Labor’s tentacles seek to spread far and wide into industries previously imagined to be invulnerable. That’s especially the case as unions hope to recover from waning membership with a mere 6.1% of private-sector employees currently paying union dues.
A few key developments made prominent headlines, particularly in the retail industry:
- Cannabis worker organizing campaigns chalked up 60 union victories in 2021, nearly double the figures of both 2020 and 2019. In fact, cannabis legalization is the overriding reason why retail unionization is on the rise. Naturally, the Teamsters and the United Food and Commercial Workers Union both want to get a leg up on this trend as states increasingly greenlight marijuana use.

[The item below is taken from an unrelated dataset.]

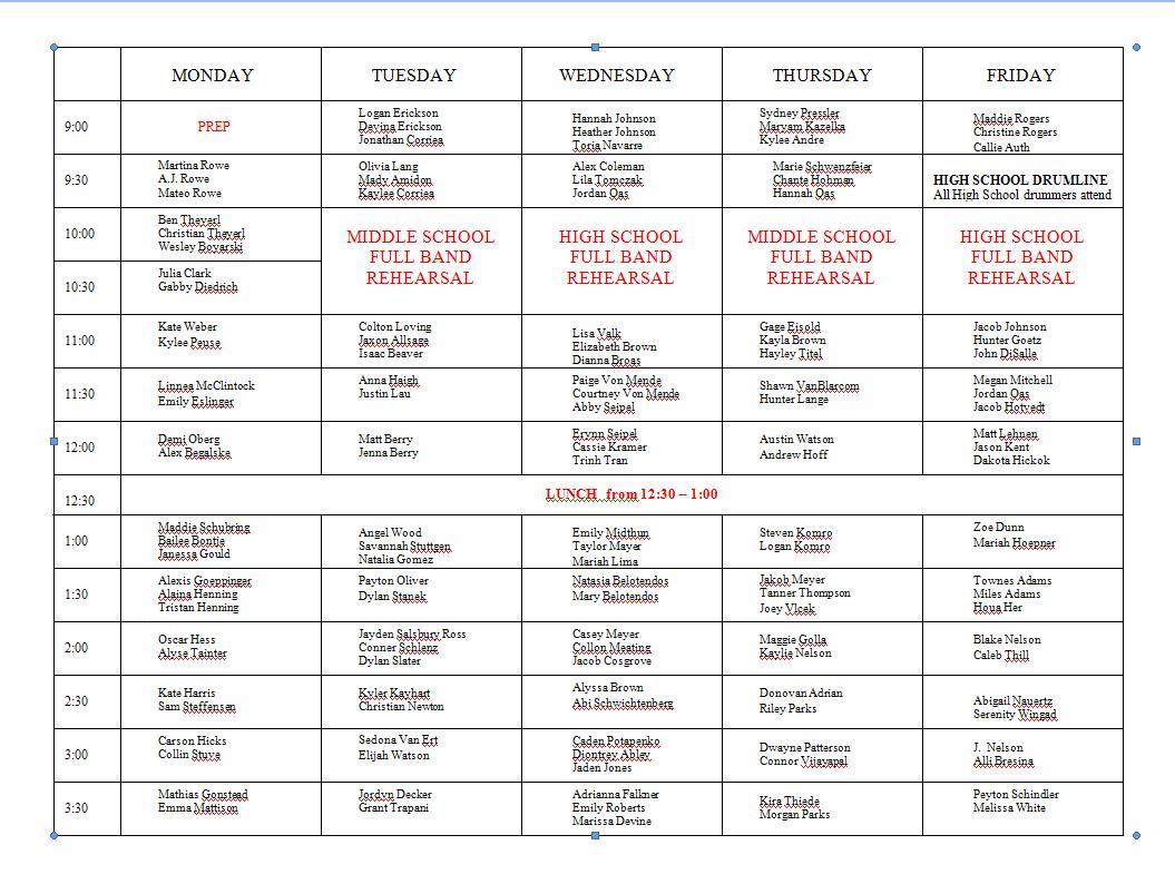 High School Band Students are reminded that August 30th there is a REQUIRED marching band camp beginning at 9:00 AM .

- REI (paywall) employees in SoHo, Manhattan voted to join the Retail, Wholesale and Department Store Union as the company’s first unionized location in the U.S.
- Outside of retail, banks and credit unions appear to be a major target for unions to drum up more membership numbers. The goal of capturing parts of the financial industry could be an employer vulnerability, other than (per the NLRA) when it comes to supervisors and managers. The Communications Workers of America (CWA) counted recent successes including New York’s Genesee Co-op joining the union in January 2022. This follows multiple banks on the West Coast who saw successful CWA drives in 2020.
- Unions (with support from VP Kamala Harris) will aim for future organization of companies in North Carolina, despite its Right to Work status (employers can’t make union membership or dues mandatory to hold a job). Worth watching.
- On a brighter note, the Teamsters did get the boot from sanitation workers in New Jersey and New York, who “overwhelmingly” voted to decertify the union.